Yolanda is, to put it one way, quirky. A Catholic convert of Lithuanian-Jewish descent, she's obsessed with all things Italian. Especially Al Pacino. She calls the abstract prospect of meeting the actor "the reason I get up in the morning."

For her and her gifted son, nothing has turned out the way it should have. She watched Scott blow his fortune in spectacular, infamous fashion, giving millions of dollars in diamonds and cars to his girlfriends, which included America's holy trinity of floozydom: Paris Hilton, Lindsay Lohan, and Kim Kardashian.

In the meantime, Yolanda, who cares full-time for her partially blind father, waited in this $81,000 house for her son to remember her. Instead, Scott descended into a cocaine binge that crashed his career, propelled him into massive financial litigation and bankruptcy, and sent him to rehab.

The neglect gnaws at her. She can't help but bring it up — to complain about the holes in her "36-year-old carpet" and her decaying patio furniture and medical expenses that eat right through her father's social security checks.

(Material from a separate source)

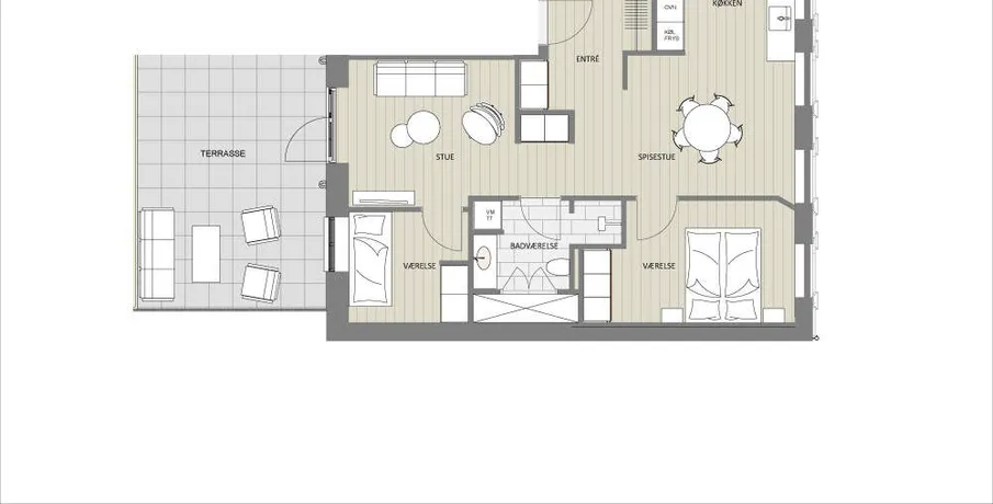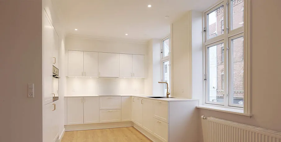 Nyrenoveret 3-værelses lejlighed i - indflytningsklar 1. februar 2025. Drømmer du om at bo i en moderne, nyrenoveret lejlighed i hjertet af Esbjerg? Så er denne 3-værelses bolig et oplagt valg for dig! Med en central beliggenhed i får du nærhed til byen samt egen stor terrasse, hvor du kan nyde de rolige omgivelser i baggården.. Lejligheden byder på en funktionel og rummelig indretning. Fra entréen træder du ind i en lille forgang, som fører dig videre til det åbne køkkenalrum. Her skabes en naturlig forbindelse, som indbyder til både hverdagshygge og gæstebesøg. I lejligheden er der ydermere en hyggelig stue med stor ud til terrassen, ét soveværelse samt et mindre værelse/kontor. Der er generelt gode opbevaringsmuligheder i boligen, så du nemt kan holde orden og udnytte pladsen optimalt. I lejlighedens badeværelse er der vaskemaskine og tørretumbler.. Der er parkeringsmuligheder bag ejendommen.. Bruttoareal: 83 m2. Lejlighedsareal: 74,9 m2

Public records also tell the story: In 2008, Capital One sued her for $5,700 owed on a credit card she uses for food and pharmacy bills in a case that's still being decided in Plantation court.

"Scott always told me he had plans to do certain things for the family," she says. "But then I guess things got bad before he got around to it. I read about all these other rappers' mothers — P. Diddy's mother, Kanye West's mother, Jay-Z's mother. Their sons all took care of them."

Then Yolanda worries, "If he reads this, he would be very angry at me. He's not going to ever give me anything."

So, exactly what would she like to see in print? She thinks and begins again: "I think that maybe you should make sure your mother has her retirement taken care of before you buy another $2 million necklace for some hotel heiress. You don't just have a miracle from God like that and then take all that money and throw it in the garbage pail."

Born in Long Island but raised in South Florida, Scott Storch has music in his blood. His great-great-grandfather was Lithuanian immigrant Meyer Machtenberg, a seminal Jewish composer in the early 1900s. In the '60s, Mom was a Queens-born pinup-caliber beauty who was signed to Philadelphia's Cameo-Parkway Records under the stage name Joyce Carol, and his father, Phil Storch, sang street-corner doo-wop in his native Bronx.

Phil's brother Jeremy was a founder of soul-rock band the Vagrants and a songwriter who once penned an Eddie Money hit. "There's always been music in Scott's life," says Jeremy, who bottomed out on drugs in the '70s, cleaned up his life, and became a rabbi. "He was literally surrounded by it."